DE102016219844A1 - flash controller - Google Patents

Abstract

A horn controller (10) for controlling a horn (12) in a motor vehicle comprises two capacitive electrodes (20, 21) forming a sensor array (22) and configured to execute at least one of a human hand (32) Can capture tax gesture. The capacitive electrodes (20, 21) are connected to evaluation electronics (28), in which a gesture recognition is implemented. The transmitter (28) is designed so that it detects the at least one of the capacitive electrodes (20, 21) detected control gesture and converts the control gesture into a signal that causes the triggering of a horn signal in the horn control (10). By means of a plurality of capacitive electrodes (20, 21), at least one control gesture is thus detected, which is performed by a human hand (32), wherein the control gesture is converted into the triggering of a horn signal.

Description

The invention relates to a horn control for controlling a horn in a motor vehicle.

Conventionally, an airbag module is arranged in the steering wheel, that are closed by depressing the airbag module in the steering wheel pot contacts that generate a signal to actuate the horn. For this purpose, the entire airbag module must be resiliently mounted, which is complex and also means that the design of the steering wheel pot must always include a horn gap and thus no closed surface is feasible.

In alternative concepts capacitively operating sensors are used, which can detect a touch of a sensor surface. If no pressure force is required to trigger the horn, however, the risk of false triggering increases. To counter this, for example, in the DE 10 2011 111 349 A1 in addition to the capacitive sensor, a manual pressure is required to influence the sensor signal, so that the signal of the capacitive sensor is rated as a horn signal. However, such a sensor technology is complicated and therefore expensive.

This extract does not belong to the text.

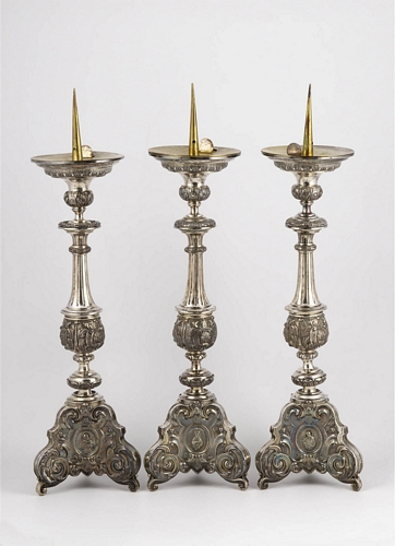Behorend tot een serie van zes kandelaars (1995.03.04 t/m 1995.03.09), inscriptie op twee van de afgeplatte hoeken: 'LAMB. VAN RYSWYCK FT. ANTV. 1879 Van Loon DDJL et E. Tacx conj.' Zilverwerk is afkomstig van de Congregatie der Zusters Franciscanessen, Koestraat 37 te Oirschot. (Zie ook dossier: CMC 1995.03.01 t/m 1995.03.15)

The object of the invention is to provide a horn control without moving parts, which is simple in construction and yet can be operated exactly.

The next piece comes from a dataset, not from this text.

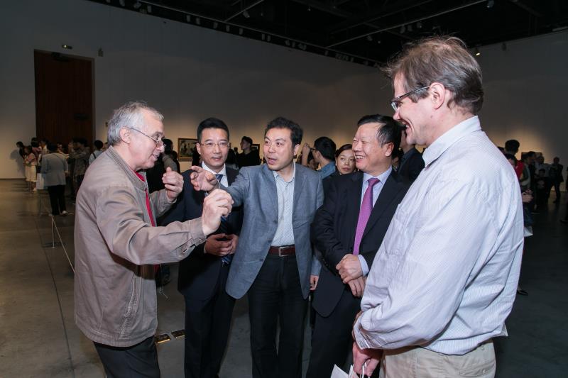 党委书记徐一萍等领导参加了开幕式。中国油画院副院长朱春林;中国油画院著名艺术家石磊;中央美术学院城市设计学院副院长田海鹏;俄罗斯列宾美术学院叶甫盖尼·祝波夫;尼基塔·法明;亚历山大·诺沃肖洛夫;拉斐尔·苏莱曼诺夫;保加利亚艺术家卡拉利夫·柳博米尔·斯特凡诺;德拉甘诺夫·柳博米尔·尼科尔切夫;科斯托夫·康斯坦丁·佩特科夫等中外艺术家代表出席了开幕式。薛维海书记、朱春林副院长、叶甫盖尼·祝波夫、朱达书记分别致辞,郁伟年主席宣布画展开幕,邵千钧副校长主持开幕式。

This object is achieved with a horn control with the features of claim 1. For this purpose, in a horn control for controlling a horn in a motor vehicle at least two capacitive electrodes are provided which form a sensor field and which are designed so that they can detect at least one executed by a human hand control gesture. The capacitive electrodes are connected to a transmitter, in which a gesture recognition is implemented. The transmitter is designed so that it detects the detected at least one of the capacitive electrodes control gesture and converts the control gesture into a signal that causes the triggering of a horn signal in the horn control. According to the invention, the capacitive electrodes thus detect not only an approach to a surface of the steering wheel or its touch, but also specific hand or finger movements that can take place with or without touching the surface (so-called control gestures). Only when a specific control gesture is detected, the horn signal is triggered and the horn is pressed. Other gestures, on the other hand, do not trigger the horn signal, so that a false trip is counteracted.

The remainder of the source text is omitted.